## [Goal of the exercise]
Keep only the lines of the material below that contain the word "wood". Copy those lines.

## [Data]
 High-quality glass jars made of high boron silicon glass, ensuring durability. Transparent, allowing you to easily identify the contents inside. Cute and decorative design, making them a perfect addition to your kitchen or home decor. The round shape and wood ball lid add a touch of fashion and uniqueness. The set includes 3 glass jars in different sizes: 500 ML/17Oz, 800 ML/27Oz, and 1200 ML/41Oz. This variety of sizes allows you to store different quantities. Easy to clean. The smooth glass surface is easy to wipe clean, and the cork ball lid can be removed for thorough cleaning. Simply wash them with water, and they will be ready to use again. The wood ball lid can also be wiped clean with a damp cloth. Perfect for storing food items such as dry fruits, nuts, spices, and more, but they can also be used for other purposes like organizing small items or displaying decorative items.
==
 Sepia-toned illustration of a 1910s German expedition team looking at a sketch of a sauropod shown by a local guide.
...
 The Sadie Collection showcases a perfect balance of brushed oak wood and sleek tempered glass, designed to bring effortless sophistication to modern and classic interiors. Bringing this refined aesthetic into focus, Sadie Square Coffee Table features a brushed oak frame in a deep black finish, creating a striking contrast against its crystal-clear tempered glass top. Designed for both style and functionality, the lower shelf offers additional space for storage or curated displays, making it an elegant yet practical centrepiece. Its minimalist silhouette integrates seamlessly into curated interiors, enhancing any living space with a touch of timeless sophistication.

## [Result of the exercise]
 High-quality glass jars made of high boron silicon glass, ensuring durability. Transparent, allowing you to easily identify the contents inside. Cute and decorative design, making them a perfect addition to your kitchen or home decor. The round shape and wood ball lid add a touch of fashion and uniqueness. The set includes 3 glass jars in different sizes: 500 ML/17Oz, 800 ML/27Oz, and 1200 ML/41Oz. This variety of sizes allows you to store different quantities. Easy to clean. The smooth glass surface is easy to wipe clean, and the cork ball lid can be removed for thorough cleaning. Simply wash them with water, and they will be ready to use again. The wood ball lid can also be wiped clean with a damp cloth. Perfect for storing food items such as dry fruits, nuts, spices, and more, but they can also be used for other purposes like organizing small items or displaying decorative items.
 The Sadie Collection showcases a perfect balance of brushed oak wood and sleek tempered glass, designed to bring effortless sophistication to modern and classic interiors. Bringing this refined aesthetic into focus, Sadie Square Coffee Table features a brushed oak frame in a deep black finish, creating a striking contrast against its crystal-clear tempered glass top. Designed for both style and functionality, the lower shelf offers additional space for storage or curated displays, making it an elegant yet practical centrepiece. Its minimalist silhouette integrates seamlessly into curated interiors, enhancing any living space with a touch of timeless sophistication.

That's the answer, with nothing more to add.